“Ci vogliamo vive”: presidio alla Sapienza contro le molestie e la violenza di genere

La richiesta dei studenti e studentesse: "Vogliamo un tavolo permanente con la rettrice"

Università La Sapienza, davanti al maestoso Rettorato di piazzale Aldo Moro, le voci si sono alzate forti e chiare. “Ci vogliamo vive, libere e sicure”. Uno striscione, retto da mani giovani e determinate, ha dato il tono al presidio andato in scena nel pomeriggio dell’8 maggio.

A pochi giorni dalla marcia che ha visto oltre 2.000 studenti e studentesse sfilare in ricordo di Ilaria Sula, studentessa dell’ateneo uccisa brutalmente, la comunità universitaria è tornata a farsi sentire.

Stavolta, non nelle aule o per le strade del quartiere universitario, ma sotto le finestre del potere accademico, mentre al piano di sopra si riuniva in via straordinaria il Senato accademico. All’ordine del giorno, la voce più attesa: “Prevenzione e contrasto di tutte le forme di violenza di genere”.

Fuori, ad aspettare, c’erano le ragazze e i ragazzi del progetto Athena, un’assemblea autonoma nata all’indomani della tragedia, con un obiettivo chiaro: fare dell’università un luogo realmente sicuro.

Abbiamo redatto un documento raccontano e chiediamo un tavolo permanente con la Rettrice.

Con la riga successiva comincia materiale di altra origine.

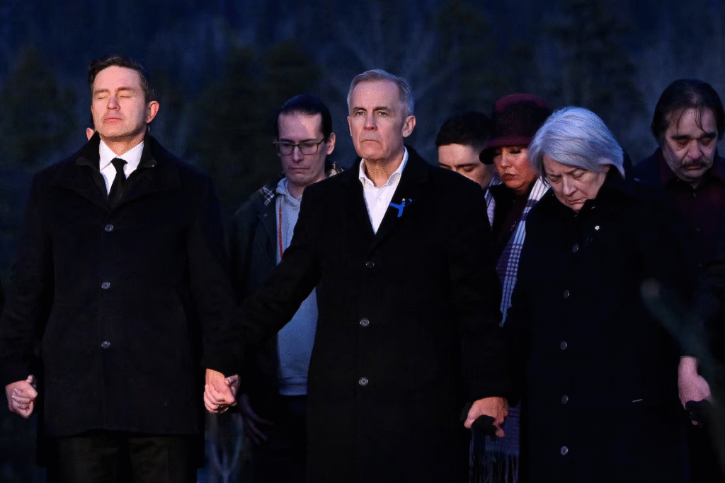 周五晚,超过 1000名民众 聚集在卑诗省北部小镇 Tumbler Ridge 市政厅前,悼念本周早些时候发生的严重枪击案遇难者。加拿大总理 Mark Carney、反对党领袖 Pierre Poilievre 以及多位政界人士到场献花,与社区共同哀悼。

Basta parole di circostanza, servono azioni concrete per prevenire la violenza patriarcale”.

immagine di repertorio

Il presidio si è svolto in un clima composto ma determinato. Cartelli, interventi al megafono, dati alla mano. Tra questi, quelli raccolti in quattro questionari, distribuiti da collettivi e associazioni negli ultimi mesi: su oltre 300 persone interpellate, il 17% ha dichiarato di aver subito molestie all’interno dell’ateneo.

Numeri che fanno riflettere, soprattutto se affiancati ai dati dello scorso anno, quando Sinistra Universitaria aveva registrato 160 episodi di molestia su 1.318 risposte raccolte.

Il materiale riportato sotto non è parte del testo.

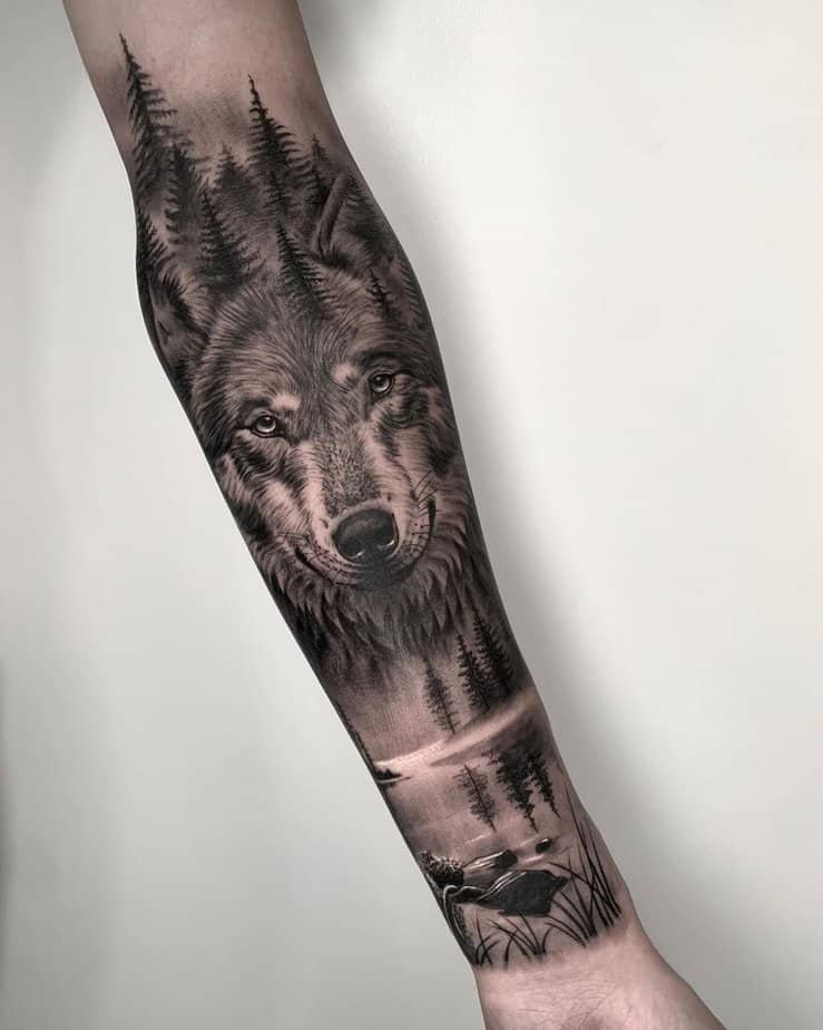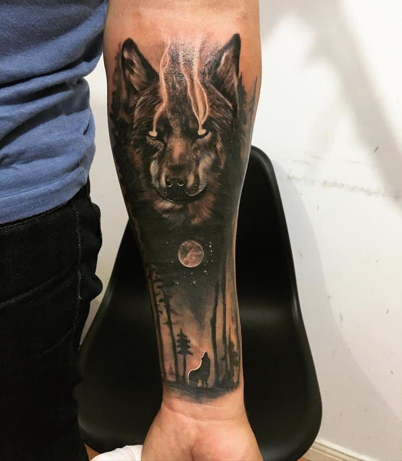 This piece captures solitude and raw feeling: a lone wolf, pines reaching high, and that classic howling energy. It’s bold, a little theatrical, and ideal if you want your tattoo to speak up for you when you don’t feel like talking.

“La Sapienza deve cambiare pelle”, gridano le studentesse in cerchio. “Serve formazione obbligatoria per chi lavora e insegna, sportelli di ascolto indipendenti, percorsi chiari per chi denuncia”. L’università, dicono, deve diventare un luogo dove ogni persona discriminata, per genere, orientamento o identità, si senta tutelata.